Hi, @shawn-monadical.

According to the standard of authorization_code grant, the client_secret is neither required nor needs to be provided. Therefore, I would just ignore it and check whether client_id exists in the database.

In other cases, where client_secret is required, but it was not provided, indeed, you can return None to get_client, what raises an exception here:

aioauth/aioauth/grant_type.py

Lines 66 to 69 in 56bb61c

	if not client:
	raise InvalidClientError[TRequest](
	request=request, description="Invalid client_id parameter value."
	)

[shawn-monadical]

For an authorization_code grant, a client_secret is required sometimes: It's not ever required on the authorization request, but it IS required on the token request IF the client has a secret assigned to it (making it a "confidential client"). However it's not necessary to assign client secrets to your clients for them to be able to use authorization_code grants, and if they don't have a secret assigned then they don't need to provide one. But if they do have one assigned, then they MUST use it in e.g. the token request.

See here: https://www.rfc-editor.org/rfc/rfc6749#section-4.1.3

If the client type is confidential or the client was issued client
credentials (or assigned other authentication requirements), the
client MUST authenticate with the authorization server as described
in Section 3.2.1.

After doing some more looking though the code, it looks like @tdg5 already implemented support for this in #80. That PR makes sure that the client_secret parameter will never be None in cases where authentication is required. Since that PR got merged, it seems like the contract of the get_client function is now intended to be like this:

If the client_secret parameter is None, that means it's a request which doesn't need authentication and so therefore the client_secret shouldn't be validated. But if the client_secret parameter is not None (including empty string), then the request does need authentication IF the client has a secret assigned to it, otherwise if it doesn't have a client secret assigned to it then it doesn't need authentication and shouldn't be validated.

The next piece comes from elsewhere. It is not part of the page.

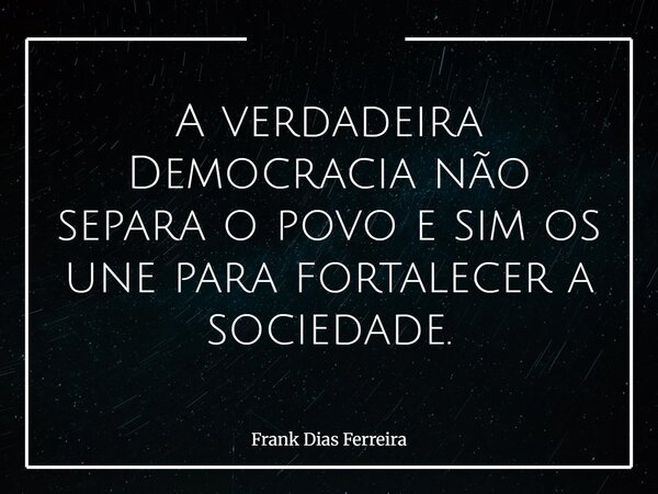 A verdadeira Democracia não separa o povo e sim os une para fortalecer a sociedade.

So, authentication is required if the client_secret parameter is not None AND the client_secret in the database is not None.

In the case where the request does need authentication, and the client_secret is wrong, then the correct thing to do is to return None. If the request doesn't need authentication, then just return the client object as normal without checking the client_secret.

So basically, the correct implementation of get_client should be something like this for example:

db_client = select(DbClient).where(DbClient.client_id == client_id)
if db_client is None:
    return None
if client_secret is not None and db_client.client_secret is not None:
    # validate the client_secret
    if client_secret != db_client.client_secret:
        return None
return db_client_to_aioauth_client(db_client)

Does that sound right?

[shawn-monadical]

Note there's one extra detail I didn't include above which is that the client credentials grant ALWAYS needs authentication on the token request whether or not a secret is assigned in the database. But the developer can account for that by just making sure any client which supports the client credentials grant always has a client_secret set in the database. I just thought I should note that it's a situation which is not explicitly enforced by this library.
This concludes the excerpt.